Closed rad-mit closed 3 months ago
Hi assuming you have all the images inside the list input_images
, try replacing this code inside demo.py
:
print("Generating captions ...\n")
for i in range(len(input_images)):
path = args.image_paths[i]
image = input_images[i]
beam_search_kwargs = {'beam_size': args.beam_size,
'beam_max_seq_len': args.max_seq_len,
'sample_or_max': 'max',
'how_many_outputs': 1,
'sos_idx': sos_idx,
'eos_idx': eos_idx}
with torch.no_grad():
pred, _ = model(enc_x=image,
enc_x_num_pads=[0],
mode='beam_search', **beam_search_kwargs)
pred = tokens2description(pred[0][0], coco_tokens['idx2word_list'], sos_idx, eos_idx)
print(path + ' \n\tDescription: ' + pred + '\n')
into this one
print("Generating captions ...\n")
sb_size = 32
num_samples = len(input_images)
num_sub_batch = math.ceil(num_samples / sb_size)

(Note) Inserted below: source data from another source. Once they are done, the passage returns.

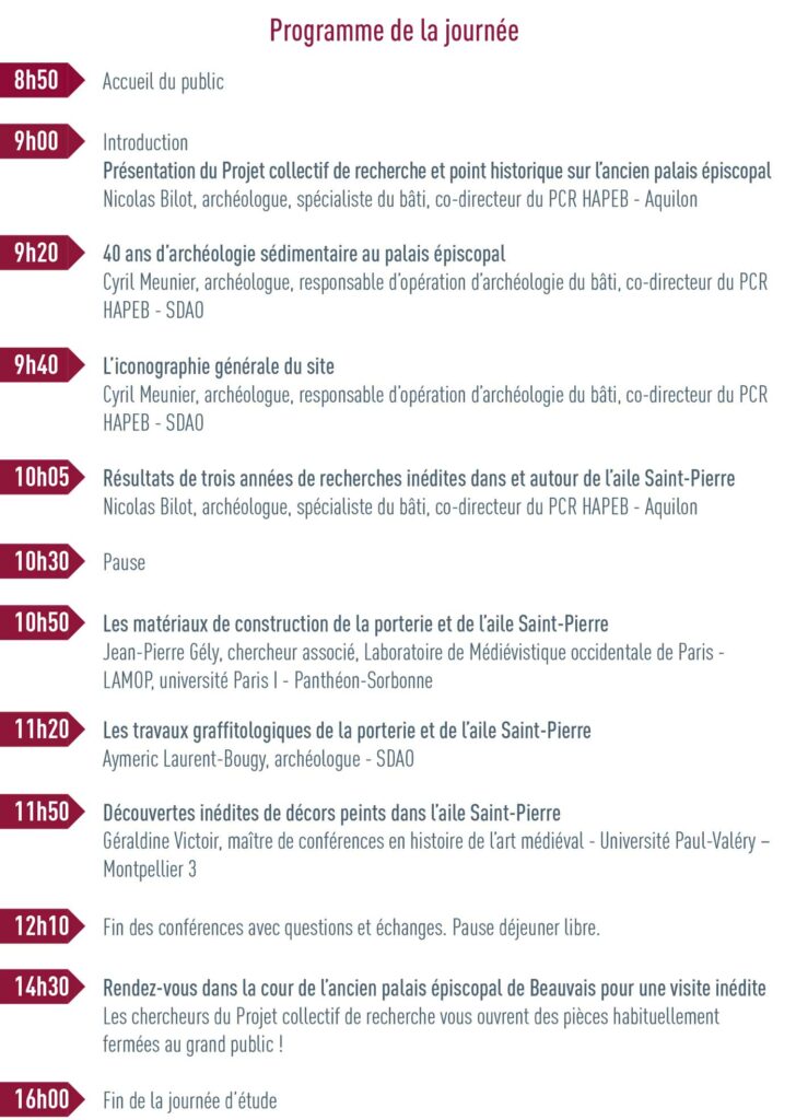 Au cours de cette journée d’étude, l’équipe du Projet collectif de recherche (PCR) dédié au palais épiscopal de Beauvais vous présentera les résultats de trois ans d’investigations scientifiques inédites, dans et autour de l’aile Saint-Pierre.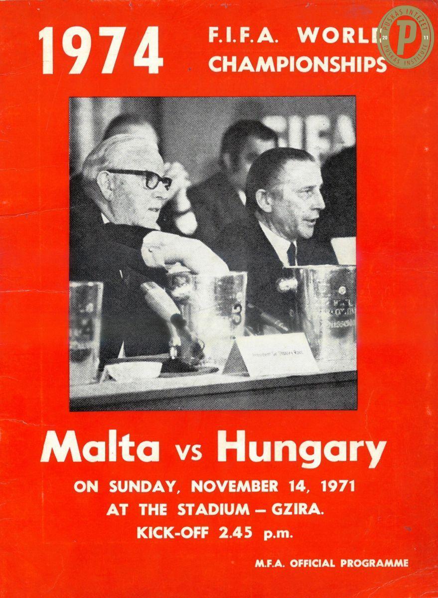 Az 1971. november 14-i Málta–Magyarország (0–2) vb-selejtező programfüzete (fotó: Puskás Intézet)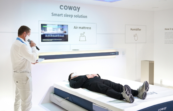 삶의 가치를 향상시키고 차별화된 경험을 제공하는 '스마트 라이프 솔루션'이다.가장 주목받은 제품은 1분기 국내 출시를 앞두고 있는 '스마트케어 에어매트리스'.이번 전시에서 최초 공개한 이 제품은 편안한 수면 환경을 제공하기 위해 매트리스 안에 있는 코웨이만의 독자 특허 기술을 담았다. 사용자의 체형과 수면 자세 등에 따라 공기압의 변화를 감지해 본인에게 최적화된 경도를 자동으로 조절해주는 혁신 제품으로 최근 수면 시장이 급부상하는 만큼 참관객들의 눈길을 끌었다.코웨이만의 독자 특허 기술로 개발한 코웨이 에어셀은 내구성과 탄성이 뛰어나 언제나 새 것처럼 사용할 수 있다.혁신 기술력의 산물인 에어셀이 탑재된 스마트케어 에어매트리스는 매트리스 시장에 새로운 바람을 일으켜 시장 판도를 뒤흔들 것으로 평가 받았다. -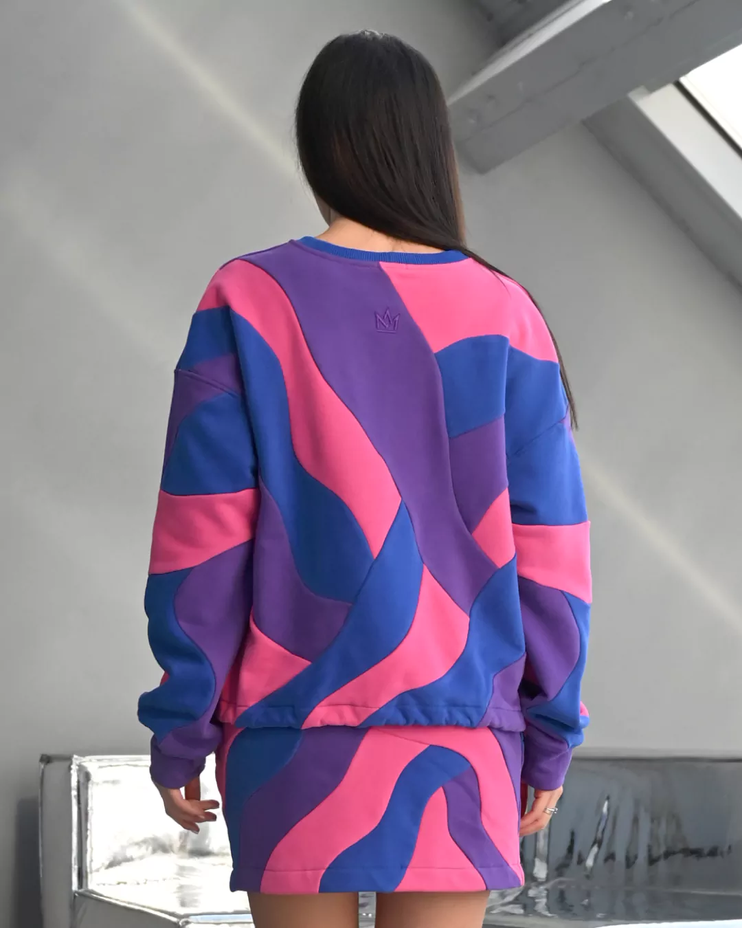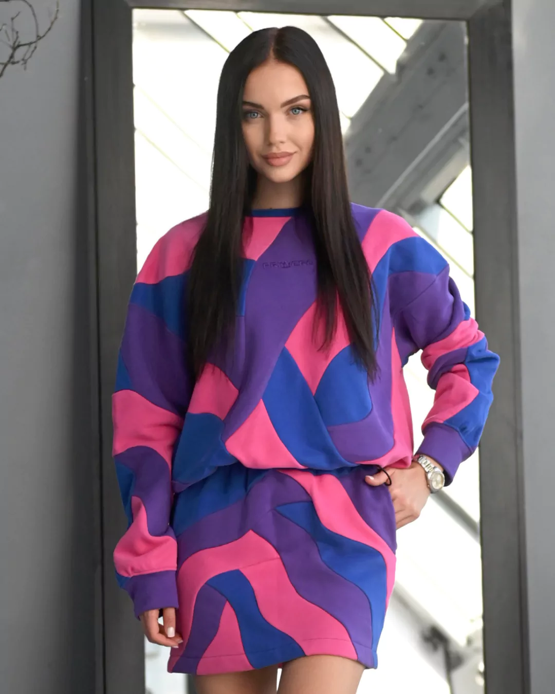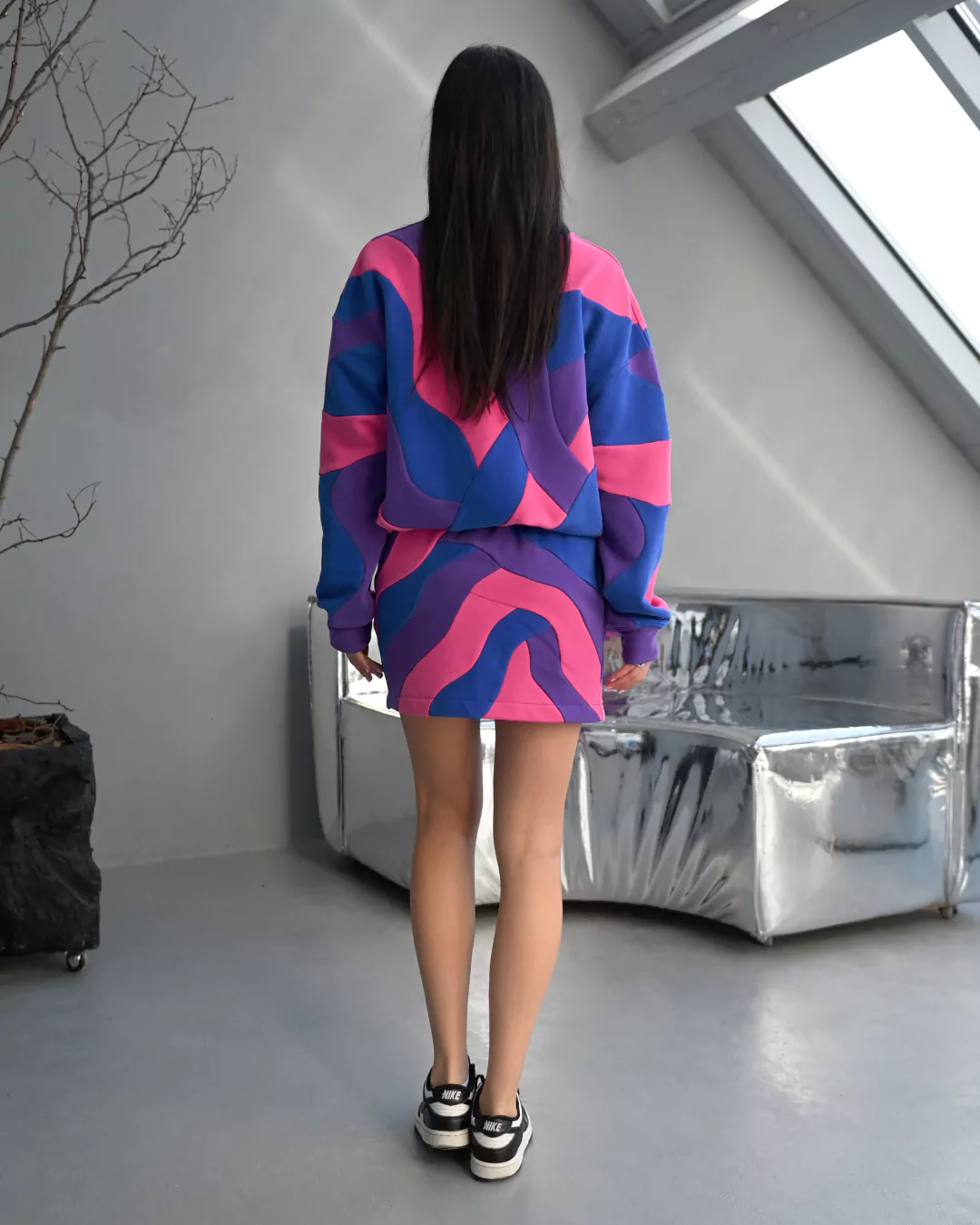 ЮБКА-МИНИ колорблок с цельнокроеным поясом и карманами в боковых швах (или другая модель штанов).

for sb_it in range(num_sub_batch):
from_idx = sb_it * sb_size
to_idx = min((sb_it + 1) * sb_size, num_samples)
paths = [args.image_paths[i] for i in range(from_idx, to_idx)]
images = torch.cat([input_images[i] for i in range(from_idx, to_idx)], dim=0)
beam_search_kwargs = {'beam_size': args.beam_size,
'beam_max_seq_len': args.max_seq_len,
'sample_or_max': 'max',
'how_many_outputs': 1,
'sos_idx': sos_idx,
'eos_idx': eos_idx}
with torch.no_grad():
pred, _ = model(enc_x=images,
enc_x_num_pads=[0] * len(images),
mode='beam_search', **beam_search_kwargs)
for i in range(to_idx-from_idx):
descr = tokens2description(pred[i][0], coco_tokens['idx2word_list'], sos_idx, eos_idx)
print(paths[i] + ' \n\tDescription: ' + descr + '\n')
Unfortunately, I cannot test the code currently, so I hope it works! Please let me know
Thanks for the quick help @jchenghu, the code works!
P.S. A minor fix: the last part where the outputs are printed throws an error as pred
gets reassigned to the first output, needs to be fixed there
Glad it worked! Also thank you for pointing out the error, fixed it :-)
Hi @jchenghu ,
I am looking to benchmark the time it takes for the model to complete providing results on batches of 32 images on the GPU. I have modified the demo.py code provided to take the path of the source directory of the dataset I am using and find all .jpg files in it and then run the code on device "cuda". However, the time I record currently is the processing (or inferencing) time for 32 images one-by-one as it runs in a loop and so, it may not be the most efficient time that the model can provide. I tried to use torch.stack(preprocessed_images), but it seems to have some issues and does not run. Is there a way I can do this?